PROVIDED RECORDS START

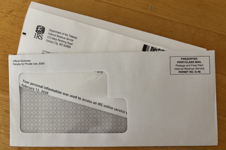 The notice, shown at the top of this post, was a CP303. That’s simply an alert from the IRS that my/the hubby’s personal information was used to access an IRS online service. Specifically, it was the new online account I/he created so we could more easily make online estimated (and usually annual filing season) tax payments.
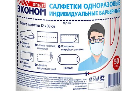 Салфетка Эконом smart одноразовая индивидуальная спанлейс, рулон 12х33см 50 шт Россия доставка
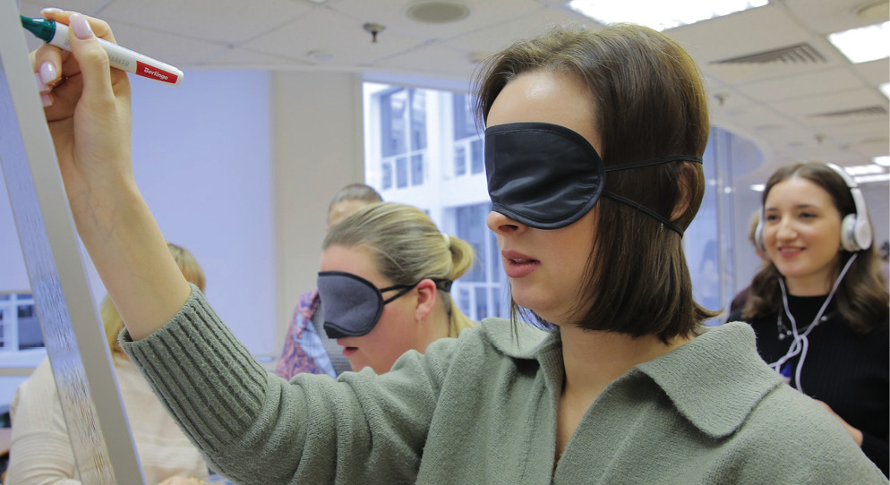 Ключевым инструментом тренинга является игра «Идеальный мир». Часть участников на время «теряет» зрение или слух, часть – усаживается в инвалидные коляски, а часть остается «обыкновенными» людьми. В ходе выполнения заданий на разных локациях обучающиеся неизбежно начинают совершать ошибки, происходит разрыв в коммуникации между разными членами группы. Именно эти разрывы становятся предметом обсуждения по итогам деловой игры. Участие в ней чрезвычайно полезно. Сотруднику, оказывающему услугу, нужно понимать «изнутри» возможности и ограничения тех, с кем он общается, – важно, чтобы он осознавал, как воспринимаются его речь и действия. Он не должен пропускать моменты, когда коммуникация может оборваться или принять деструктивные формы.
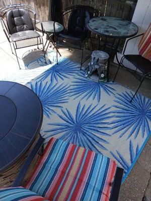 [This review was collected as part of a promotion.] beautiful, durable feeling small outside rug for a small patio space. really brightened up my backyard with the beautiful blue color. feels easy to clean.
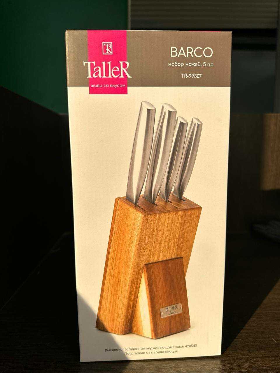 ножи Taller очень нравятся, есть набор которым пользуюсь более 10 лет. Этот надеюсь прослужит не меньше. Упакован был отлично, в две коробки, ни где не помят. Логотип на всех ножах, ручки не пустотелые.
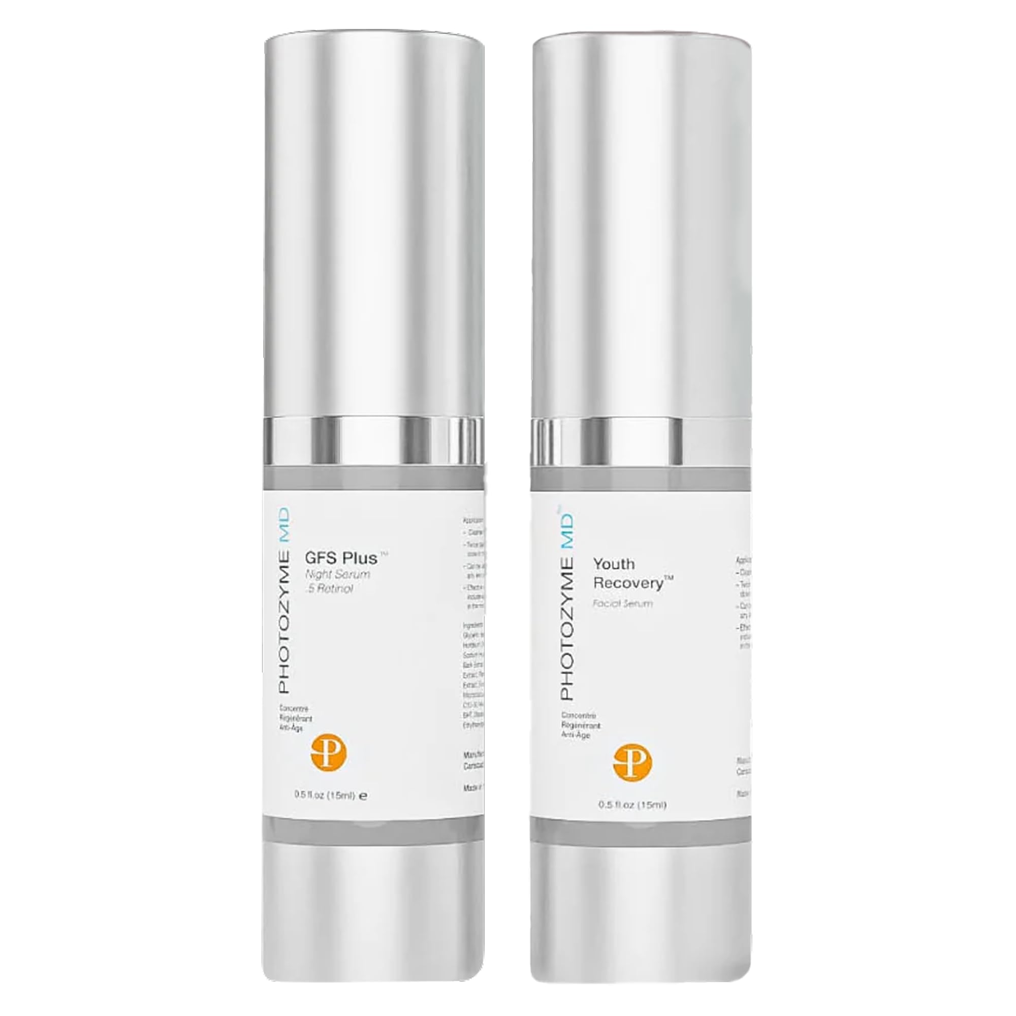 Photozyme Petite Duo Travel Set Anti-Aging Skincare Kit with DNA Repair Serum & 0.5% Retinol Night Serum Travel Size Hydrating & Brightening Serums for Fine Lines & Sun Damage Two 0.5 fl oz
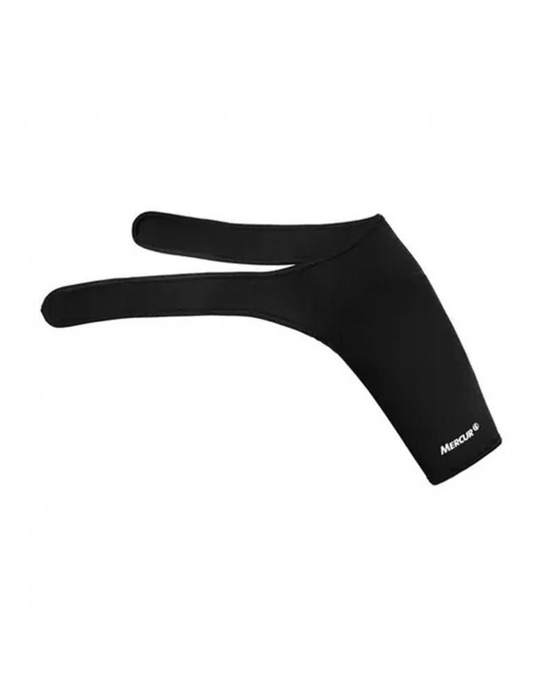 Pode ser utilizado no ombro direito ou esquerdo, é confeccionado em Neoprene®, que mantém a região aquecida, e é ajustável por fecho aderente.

PROVIDED RECORDS END

Give back, unaltered, each line of the listing from the first to the line that contains "Салфетка Эконом smart", leaving every picture out.

ANSWER AREA:
 The notice, shown at the top of this post, was a CP303. That’s simply an alert from the IRS that my/the hubby’s personal information was used to access an IRS online service. Specifically, it was the new online account I/he created so we could more easily make online estimated (and usually annual filing season) tax payments.
 Салфетка Эконом smart одноразовая индивидуальная спанлейс, рулон 12х33см 50 шт Россия доставка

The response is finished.